I also advised the aides working that they are not obliged to sit in the designated smoking area to monitor the patient. I feel strongly that if a nurse later decides to assist the patient to smoke, she needs to take accountability for it and sit with the pt rather than asking an aide to do so.

I never minded carrying out complicated orders that did the patient some good. It is so easy for the doctor to write them, so hard to carry them out. However, going through this elaborate proceedure to harm a patient is bull.

Specializes in FNP, Peds, Epilepsy, Mgt., Occ. Ed.

I think it's unreasonable. If the patient can't get to and from the smoking area under her own steam, she shouldn't go. Whose unit has enough staff to spare people to do this? Other patients have needs too!

The doc *should* explain to her that the nicotine patches aren't just used for smoking cessation; they can also be used by folks with no intention of quitting, just to keep them from having nicotine fits. They actually work pretty well, until you get up to 2 1/2 or 3 PPD smokers. Then apparently nothing much helps but time. Another option might be a gadget that looks like a cigarette holder that they actually "inhale" nicotine from. That could be a reasonable alternative in this situation.

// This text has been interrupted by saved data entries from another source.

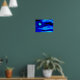 Pintura de la bahía bioluminiscente en Vieques, Puerto Rico, tragando la luna para obtener luz.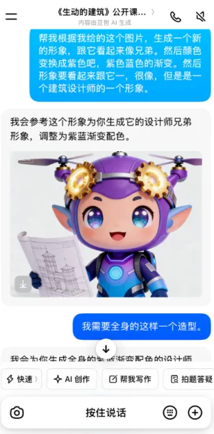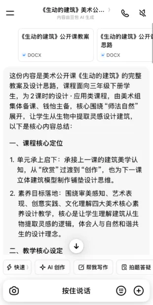 课前,教师运用豆包 APP 创建专属美术教学智能体,设定建筑师角色,快速完成教案梳理与课程设计;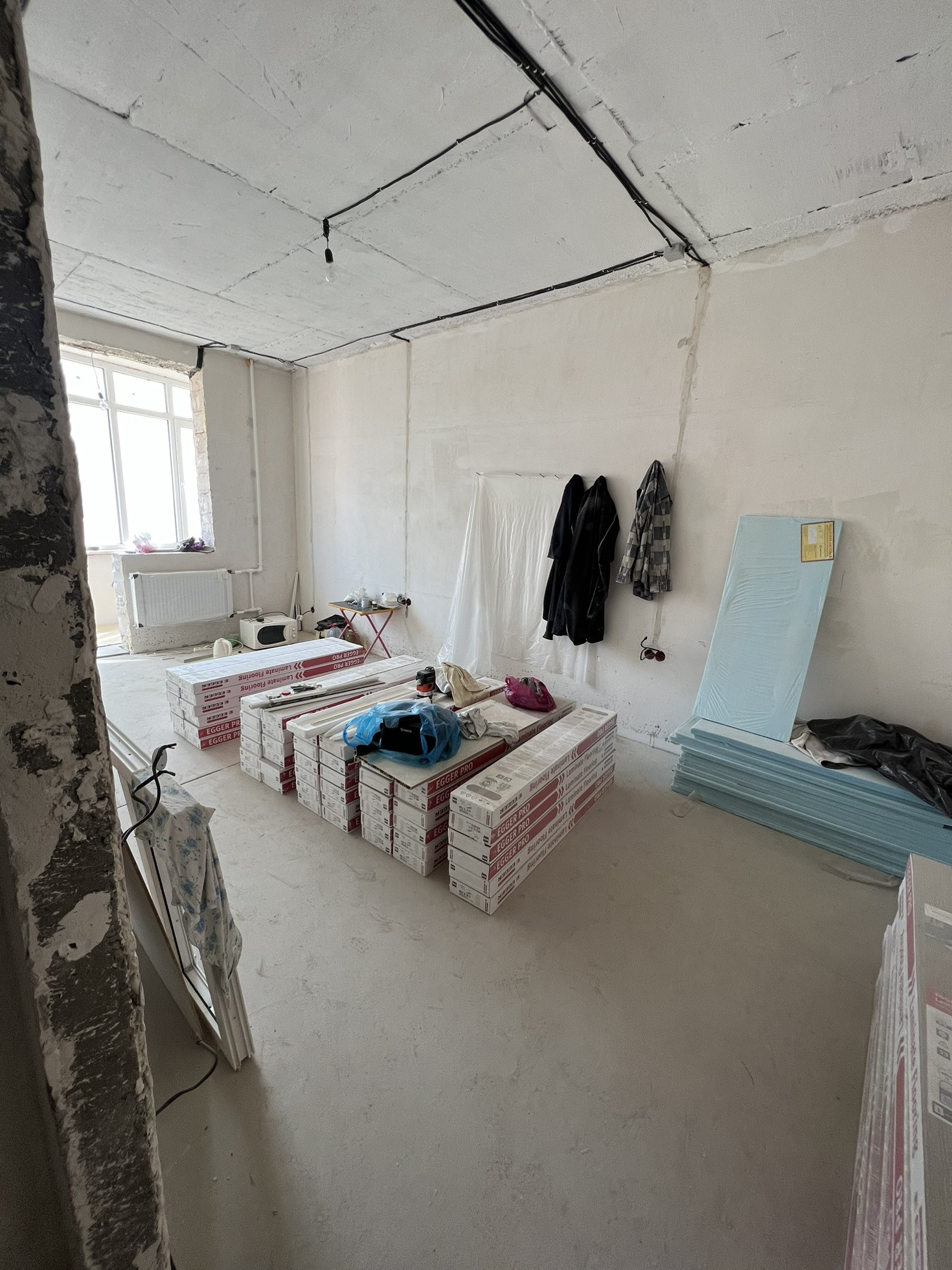 Купленный ламинат и двери с наличниками  двух сторон , петли и ручки все уже куплено лежит.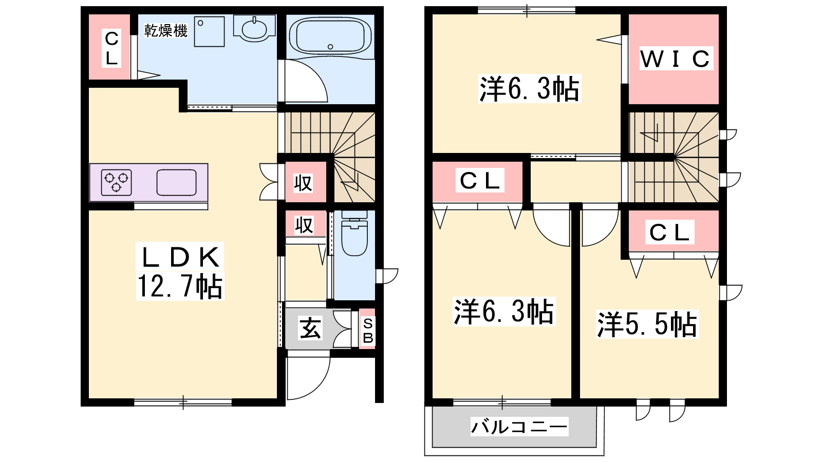 - LDK12.7帖、洋室6.3帖、洋室6.3帖、洋室5.5帖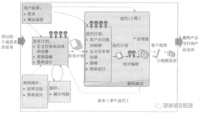上述几个步骤,就是一个 XP 项目开发的整个生命周期过程,完整的产品最后就是通过这样不停地迭代实现的。在图中,我们还看到了 架构探针 和 探针 这两个东西。其实,它们是为了些特殊情况而使用的,比如说采用了新的技术、或者使用了新的架构、或者我们第一次尝试 XP 开发。这个时候,一个探针就像是一次测试的微型迭代。探针 是为了减少风险的,并且可能在整个项目开发中经常会使用到。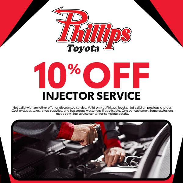 Not valid with any other offer or discounted service. Valid only at Phillips Toyota. Not valid on previous charges. Cost excludes taxes, shop supplies, and hazardous waste fees if applicable. One per customer. Some exclusions may apply. See service center for complete details.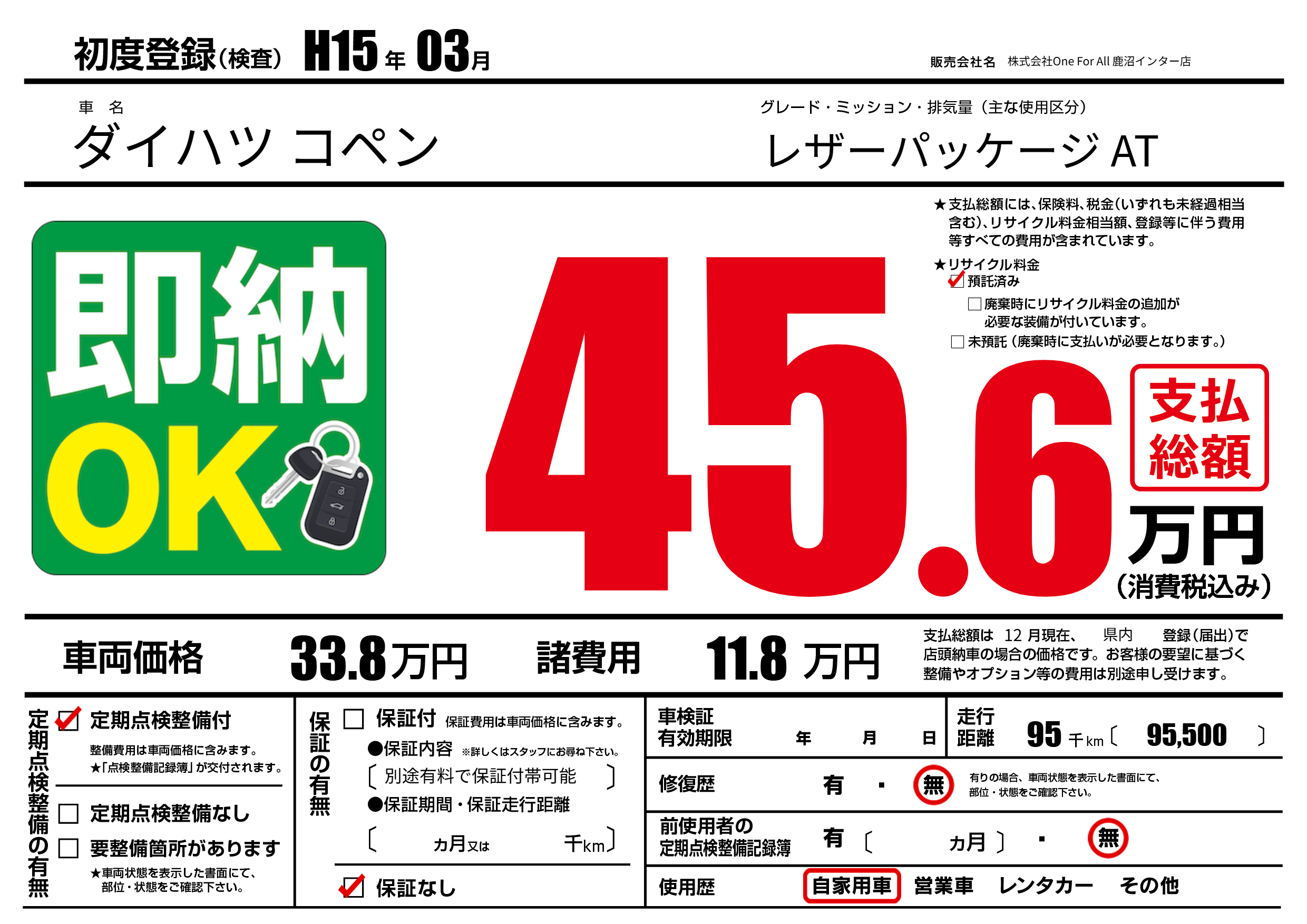 保証なし 保証内容(別途有料で保証付帯可能) ---ヶ月または()千kmまで |

Be careful......If she wants to go smoke, she will go smoke, whether "A NURSE" is with her or not. Don't know what type of disease she has but it doesn't sound like she should be going off without someone...we are liable while she is in our facility and under our care (just food for thought).

Specializes in Med/Surg, ER, L&D, ICU, OR, Educator.

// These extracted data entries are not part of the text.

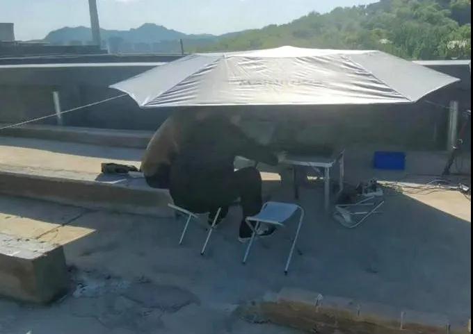 由突击队承担的驱鸟研发项目需要常驻试验现场采集数据,为了对样机性能进行测试验证,确保实时掌握最新数据,队员小于、小史和小张等人顶着烈日将沉重的样机设备搬运至高塔上安装,在天台就地支起了简易办公桌。一桌两椅,成为了大家的“露天办公室”。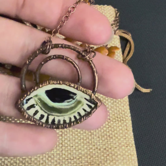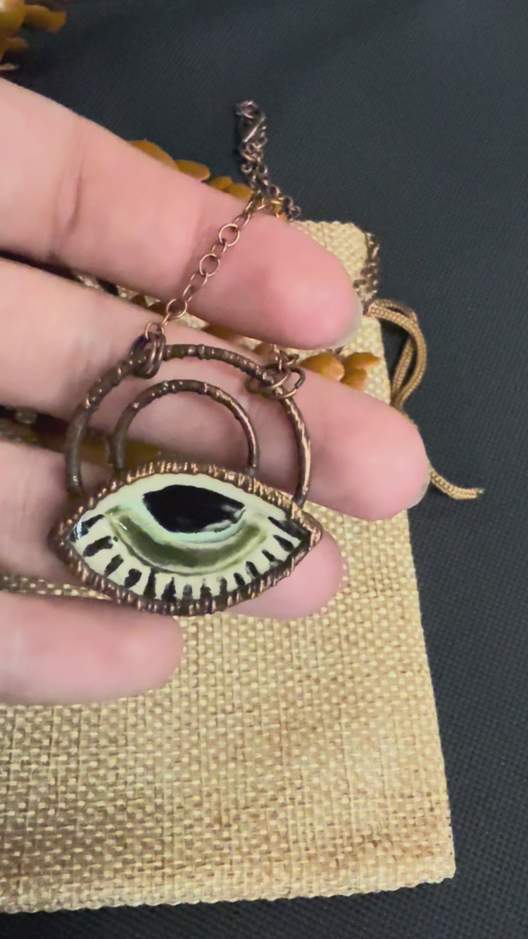 A little clay sculpted eye. I had so much fun making this charm along with a few others at my local clay studio Half Moon Clay. Electroformed with copper and strung on a copper chain, you choose your length.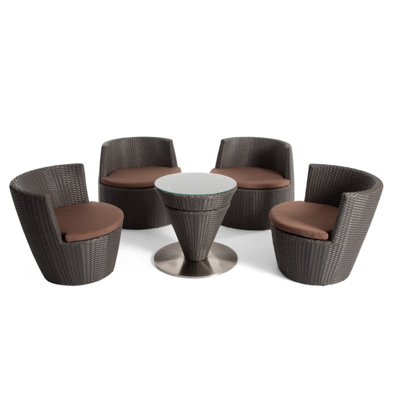 Коллекция Аляска это целый набор удобной и неординарной мебели. 4 кресла и столик для чая, в считанные минуты собираются в красивую башенку, которая послужит скульптурным украшением патио или сада. Имея такую коллекцию, вопрос, куда разместить друзей – для Вас останется в прошлом.

I have told a patient's family who is asking if he can get a wheel chair to go out to smoke (granted, he had a hemorrhoidectomy, has a PCA he is maxed out on, and has refused to use anything but a urinal at 34 years old) that if he cannot walk himself out to do so, then no...I was sure that the doc would worry about his lung functions. Of course you all know how quickly he recovered his powers of self-locomotion.

Specializes in Geriatrics/Oncology/Psych/College Health.

Level2 - good point - if this patient had any ability to move herself then I'm sure she'd be trying to sneak out. I would (with other staff members) have to physically lift her OOB and into a *GERICHAIR* and roll her down to the room, light her cigarette and probably hold it for her, too, for safety's sake (she has multiple scars on her legs from dropping cigs on herself at home (fine motor and peripheral sensory problems.) (BTW - saw the post about the fireproof aprons - I *will* mention this to the pt for when she goes home...)

Cecell - had to lol at your post. The knowledge of the opening of the smoke room in the morning has raised more dead from bed on our unit than Jesus.